Problem? What Problem?

There are times when it's best simply to ignore or downplay behavior. That may feel impossible, but you have to learn to pick your battles. Say you've had a hectic morning running errands with your child, and moods are already fragile. Let her continue hissing like a snake if it amuses her. That freedom may mean she'll get into her car seat without a fight.

Bad language is something else that shouldn't be blown out of proportion, but it shouldn't be ignored either. "Downplaying it is always the best route," Dr. Gregory advises, "especially if your child's looking for a reaction." Sure, it's hard not to bat an eyelash when your 2-year-old yells, "Damn!" right in the middle of the library. But calmly responding, "That word's not nice" and putting off an explanation until you're someplace private demonstrates that the shock value (and the attention that comes with it) just isn't there.

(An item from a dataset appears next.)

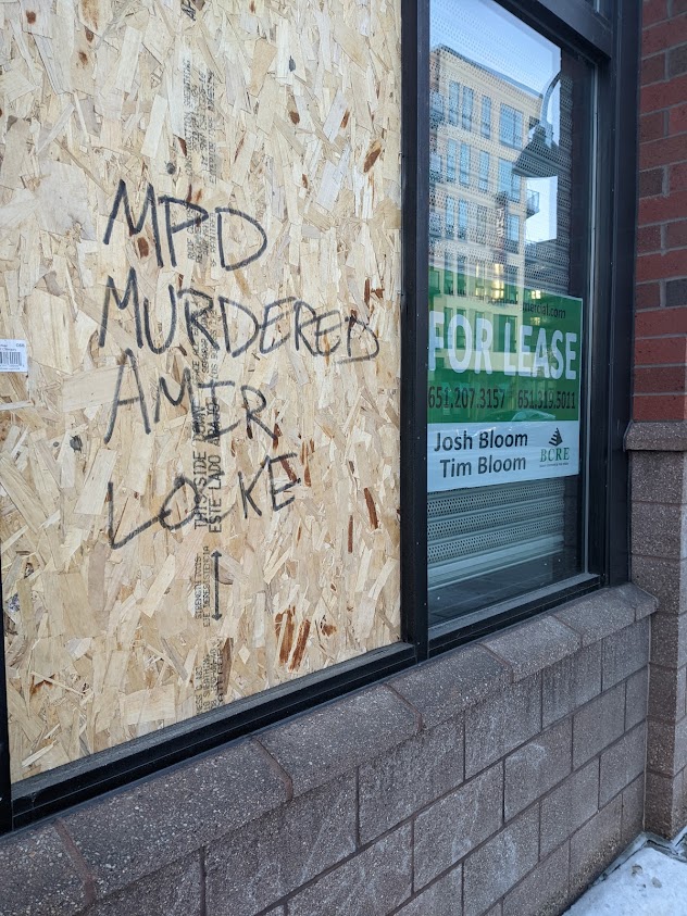 Discontent is often expressed via street art. A new era of anti-police graffiti in Minneapolis was spawned during the George Floyd Uprising. The art initially permeated the boarded up buildings and store fronts and has since continued on walls after recent police killings of Dolal Idd, Winston Smith, and now Amir Locke.

Of course, some situations should always be addressed swiftly and directly -- dangerous activities, like rocking a stack of cans in the market, or hurtful ones, like hitting another child. "Even on your worst days, never ignore safety issues or your child's aggressive behavior," Teitelman cautions.

One final piece of advice: Try to look on the bright side. Your toddler's curiosity, impulsiveness, and lack of inhibition are assets -- she's simply testing the waters, finding her place in the world.